The scene produces questions in my mind:
- How many of these boy wonders (women are rarely represented in these corporations) are the same arrogant oafs who have spent 30 years or more of their lives pushing drugs on to young children through the music industry?
- How much of their companies' resources have they spent buying drugs for worthless prima donna bands and charging these costs to the studio recording time? Is this still a common practice with these people? (A few years ago when I saw that Bubba had invited the Grateful Dead to play at his inauguration I knew our Presidency was on a downhill slide.)
- Why haven't the responsible news media of the world exposed the major label-dominated recording industry, holding it directly responsible for the glorification of illegal drugs and the sad effect it has had on the youth of the world?
- Why do four-piece "rock" bands spend thousands and months to record in a studio an amateur-sounding ten-song CD that most roots music bands could record in a weekend? I recorded Rockin' Around the House and mixed 20 songs all in six days.
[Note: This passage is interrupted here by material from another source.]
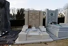 Les corps des fusillés de Châteaubriant sont d’abord répartis, par groupes de trois, dans les cimetières des communes environnantes[44]. Celui de Guy Môquet au Petit-Auverné à quinze kilomètres au sud. La population a interdiction d’approcher les tombes, mais une note de la sous-préfecture adressée aux familles, indiquant les lieux d'inhumation, précise que s'il est interdit de déposer des plaques mentionnant le nom des fusillés, il est permis de fleurir les tombes[44]. Les 27 tombes sont fleuries dès le par le fils d'Henri Barthélémy[45],[44], un des fusillés. Une semaine plus tard, à la Toussaint, les tombes de Guy Môquet et de ses deux autres compagnons sont abondamment fleuries de bouquets de fleurs bleues, blanches et rouges (une couleur pour chacune des trois tombes, celle de Guy Môquet est au centre). Florence Aubenas, journaliste, en a rendu compte en recherchant des témoins locaux[46]. Les familles ont pu récupérer les corps après la guerre[47]. Le corps de Guy Môquet est transféré au cimetière du Père-Lachaise (division 97)[48].

Broadway shows are recorded in one day.
- How many of the acts that these major record labels promote with unlimited resources, that they mistakenly call "artists," are really nothing more than anti-musical, unmusical, non-musical, anti-social poseurs and misfits who don't possess the skills to maintain the most un-intellectual, hourly time-clock job?
- Why is it that on the Grammy Awards the really talented artists from fields such as classical music, opera, jazz, rhythm and blues, real traditional country, real rock & roll (not "rock"), bluegrass, doo-wop, cowboy, Cajun, western, western swing, Hawaiian, real blues, big band, ragtime, hillbilly, and others are not represented on television but are given awards out of the spotlight early in the evening, and yet the amateur, six-month wonders of the "pop" (Is it really? Most normal people hate it!) field are given endless amounts of coverage and publicity?
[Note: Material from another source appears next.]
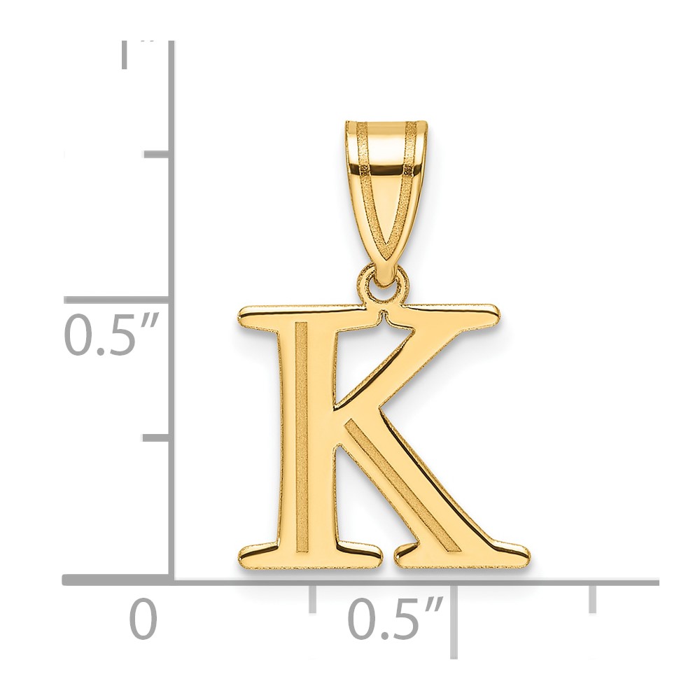14k Polished Etched Letter K Initial Pendant

- Why is it that the Grammy "know-it-alls" don't know that a form of music in the world, loved by millions of people of all ages called ROCKABILLY really exists?
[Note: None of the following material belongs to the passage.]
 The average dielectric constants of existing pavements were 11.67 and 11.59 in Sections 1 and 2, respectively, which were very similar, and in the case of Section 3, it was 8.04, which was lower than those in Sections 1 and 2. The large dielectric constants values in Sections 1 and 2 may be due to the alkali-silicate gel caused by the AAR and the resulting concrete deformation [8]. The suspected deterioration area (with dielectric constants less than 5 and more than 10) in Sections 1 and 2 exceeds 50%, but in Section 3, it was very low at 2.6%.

- Why is it that so many thousands of skilled musicians and singers, both young and old, that are associated with traditional or roots American musical styles are considered by the major label kingmakers to be "old hat," "uncommercial" and "out of fashion," and yet the drug-sucker bands, the fuzz guitar sustainer-dominated aging clowns of the mid-Sixties and on, are never considered "old" or "over the hill" but continue to be on major labels even though most of the singers have terrible hoarse voices and can't sing any better than half-drowned frogs?
- Why are American musical forms from the past honored and revered in most countries of the world but not by the major label wizards of the United States, the country which spawned this music?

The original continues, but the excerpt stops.